Is-Olympic and iso-Pythian games

In the Hellenistic and Roman period, many new games were instituted in the whole Greek world, reaching from Tunesia to Afghanistan, from the Balkan to Southern Egypt. To make these games prestigious from the beginning, so that many athletes would travel to the city, the games were created after the model of those of the periodos. In particular the Olympics – for its athletic contests – and the Pythia – for the musical contests – were a popular model. These new games were, therefore, called is-Olympic of iso-Pythian (Gr. ‘isos’ : ‘equal to’). They had the same program and the same age-categories and prizes as their model.

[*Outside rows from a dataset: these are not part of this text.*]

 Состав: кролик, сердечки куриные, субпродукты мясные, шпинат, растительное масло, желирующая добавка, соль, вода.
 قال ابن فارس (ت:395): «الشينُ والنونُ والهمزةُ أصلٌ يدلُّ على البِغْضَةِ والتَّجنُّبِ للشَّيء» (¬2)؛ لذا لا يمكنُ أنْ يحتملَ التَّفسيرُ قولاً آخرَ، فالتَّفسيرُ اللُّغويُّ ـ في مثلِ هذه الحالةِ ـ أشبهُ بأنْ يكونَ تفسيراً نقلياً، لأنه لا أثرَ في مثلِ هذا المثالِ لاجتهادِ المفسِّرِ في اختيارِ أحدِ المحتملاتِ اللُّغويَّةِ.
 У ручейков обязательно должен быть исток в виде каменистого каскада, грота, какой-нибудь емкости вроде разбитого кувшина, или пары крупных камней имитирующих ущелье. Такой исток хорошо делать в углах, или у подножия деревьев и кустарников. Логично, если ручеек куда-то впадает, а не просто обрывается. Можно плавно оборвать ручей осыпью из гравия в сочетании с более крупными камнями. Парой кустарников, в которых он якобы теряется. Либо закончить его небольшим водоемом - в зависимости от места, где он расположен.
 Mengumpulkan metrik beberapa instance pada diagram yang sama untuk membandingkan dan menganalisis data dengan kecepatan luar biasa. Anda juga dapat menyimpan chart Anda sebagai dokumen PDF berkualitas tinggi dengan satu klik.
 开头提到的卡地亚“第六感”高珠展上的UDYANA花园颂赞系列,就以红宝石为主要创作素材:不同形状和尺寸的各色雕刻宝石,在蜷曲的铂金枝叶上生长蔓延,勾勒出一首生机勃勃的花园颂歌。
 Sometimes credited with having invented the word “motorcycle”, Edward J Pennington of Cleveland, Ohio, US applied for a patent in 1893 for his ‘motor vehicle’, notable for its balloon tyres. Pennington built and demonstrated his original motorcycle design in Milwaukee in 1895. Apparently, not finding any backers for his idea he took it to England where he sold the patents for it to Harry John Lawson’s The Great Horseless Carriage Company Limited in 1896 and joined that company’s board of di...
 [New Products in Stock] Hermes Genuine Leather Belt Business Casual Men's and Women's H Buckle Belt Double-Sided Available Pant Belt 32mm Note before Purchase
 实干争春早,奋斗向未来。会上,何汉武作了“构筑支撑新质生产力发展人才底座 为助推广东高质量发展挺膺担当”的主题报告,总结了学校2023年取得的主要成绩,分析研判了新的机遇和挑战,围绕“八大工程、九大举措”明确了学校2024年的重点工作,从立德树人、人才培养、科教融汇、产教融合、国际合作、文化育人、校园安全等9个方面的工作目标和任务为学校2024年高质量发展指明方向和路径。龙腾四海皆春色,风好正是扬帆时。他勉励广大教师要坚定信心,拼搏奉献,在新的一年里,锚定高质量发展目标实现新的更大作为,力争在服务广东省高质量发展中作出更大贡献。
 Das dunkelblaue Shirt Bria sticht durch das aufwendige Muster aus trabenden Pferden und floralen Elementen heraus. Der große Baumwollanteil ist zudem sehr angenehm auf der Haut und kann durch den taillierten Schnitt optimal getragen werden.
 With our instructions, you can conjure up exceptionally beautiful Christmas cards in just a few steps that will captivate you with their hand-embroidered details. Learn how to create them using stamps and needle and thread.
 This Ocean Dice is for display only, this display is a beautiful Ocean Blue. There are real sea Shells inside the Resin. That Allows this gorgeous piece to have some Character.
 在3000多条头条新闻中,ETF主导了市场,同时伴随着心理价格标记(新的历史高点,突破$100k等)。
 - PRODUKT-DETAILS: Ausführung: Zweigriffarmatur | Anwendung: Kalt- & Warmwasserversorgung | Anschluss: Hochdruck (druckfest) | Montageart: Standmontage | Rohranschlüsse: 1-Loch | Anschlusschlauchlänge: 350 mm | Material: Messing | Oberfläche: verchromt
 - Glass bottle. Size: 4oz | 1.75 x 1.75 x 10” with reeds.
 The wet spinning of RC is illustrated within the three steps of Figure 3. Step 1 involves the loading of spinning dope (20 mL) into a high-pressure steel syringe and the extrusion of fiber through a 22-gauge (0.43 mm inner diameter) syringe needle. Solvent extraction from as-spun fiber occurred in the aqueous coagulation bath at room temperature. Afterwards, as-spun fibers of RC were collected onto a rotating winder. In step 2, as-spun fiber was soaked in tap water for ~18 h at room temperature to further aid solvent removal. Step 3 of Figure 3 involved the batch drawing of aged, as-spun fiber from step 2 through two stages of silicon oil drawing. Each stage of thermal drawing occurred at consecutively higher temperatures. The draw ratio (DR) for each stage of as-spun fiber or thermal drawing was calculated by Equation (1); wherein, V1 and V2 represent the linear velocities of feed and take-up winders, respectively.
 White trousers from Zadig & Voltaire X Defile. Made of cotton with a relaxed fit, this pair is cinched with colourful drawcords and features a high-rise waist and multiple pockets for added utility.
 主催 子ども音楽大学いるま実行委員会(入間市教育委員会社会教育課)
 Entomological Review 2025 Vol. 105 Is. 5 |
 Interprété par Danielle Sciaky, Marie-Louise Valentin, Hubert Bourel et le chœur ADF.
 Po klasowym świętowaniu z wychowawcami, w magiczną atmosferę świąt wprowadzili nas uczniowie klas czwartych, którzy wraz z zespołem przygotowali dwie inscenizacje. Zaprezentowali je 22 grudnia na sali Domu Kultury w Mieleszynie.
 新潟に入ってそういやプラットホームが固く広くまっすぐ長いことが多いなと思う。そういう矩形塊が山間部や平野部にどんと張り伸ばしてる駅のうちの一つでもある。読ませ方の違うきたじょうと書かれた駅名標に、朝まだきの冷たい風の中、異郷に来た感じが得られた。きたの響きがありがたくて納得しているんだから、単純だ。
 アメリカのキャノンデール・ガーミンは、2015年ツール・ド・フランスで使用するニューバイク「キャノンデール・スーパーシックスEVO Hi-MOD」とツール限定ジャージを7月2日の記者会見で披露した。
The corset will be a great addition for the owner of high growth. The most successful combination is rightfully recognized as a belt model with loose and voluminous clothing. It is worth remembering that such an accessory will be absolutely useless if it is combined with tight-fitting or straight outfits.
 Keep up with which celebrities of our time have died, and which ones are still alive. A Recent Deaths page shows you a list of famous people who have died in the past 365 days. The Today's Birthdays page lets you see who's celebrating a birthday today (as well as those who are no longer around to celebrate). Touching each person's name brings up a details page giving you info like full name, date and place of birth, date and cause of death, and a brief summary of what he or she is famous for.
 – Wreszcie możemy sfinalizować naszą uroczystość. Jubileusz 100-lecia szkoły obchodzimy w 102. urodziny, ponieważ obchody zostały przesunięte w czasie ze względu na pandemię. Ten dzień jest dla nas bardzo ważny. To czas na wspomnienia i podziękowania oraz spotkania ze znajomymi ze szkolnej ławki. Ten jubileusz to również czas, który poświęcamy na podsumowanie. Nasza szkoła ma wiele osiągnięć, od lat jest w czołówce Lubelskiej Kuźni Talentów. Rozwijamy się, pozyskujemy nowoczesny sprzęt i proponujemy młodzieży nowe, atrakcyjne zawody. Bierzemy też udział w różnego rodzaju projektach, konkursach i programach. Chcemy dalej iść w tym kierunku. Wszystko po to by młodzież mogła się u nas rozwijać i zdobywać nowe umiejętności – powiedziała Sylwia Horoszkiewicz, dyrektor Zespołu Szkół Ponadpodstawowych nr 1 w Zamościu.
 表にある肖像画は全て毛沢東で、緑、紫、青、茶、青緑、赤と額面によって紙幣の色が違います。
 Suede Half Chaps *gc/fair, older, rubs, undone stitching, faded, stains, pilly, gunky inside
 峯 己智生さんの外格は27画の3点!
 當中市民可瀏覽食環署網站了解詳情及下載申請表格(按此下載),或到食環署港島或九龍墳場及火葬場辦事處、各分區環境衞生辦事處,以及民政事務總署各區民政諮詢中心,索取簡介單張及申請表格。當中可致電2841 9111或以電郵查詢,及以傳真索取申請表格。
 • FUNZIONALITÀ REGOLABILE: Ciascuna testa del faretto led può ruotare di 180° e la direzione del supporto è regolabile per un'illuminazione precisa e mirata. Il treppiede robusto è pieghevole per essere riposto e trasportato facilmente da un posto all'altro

The invention of this is-Olympic status can be ascribed to king Ptolemy II. In 279 BC, he instituted the Ptolemaia, games to honour his deceased father Ptolemy I. With these games, Ptolemy II wanted to make of Alexandria a sports center equal to Olympia or Delphi. The only way to make the Ptolemaia as attractive for the athletes as the Olympics, was to ensure that victors received equal rewards in their home town. To advocate this, the king sent ambassadors to the whole Greek world. Many Greek cities acknowledged the is-Olympic status of the Ptolemaia. This was a political triumph for Ptolemy II.

Many organizers of new games would follow the example of the king. In the Roman period, the emperor granted the status of the games. The ‘is(os)-‘ was now often left behind and the games were just called Olympic, Pythian, Capitolian, ... As a consequence of this, the Greeks had to start calling the original Olympic games the ‘Olympic games of Pisa’, to distinguish them from other Olympic games in the rest of the Greek world.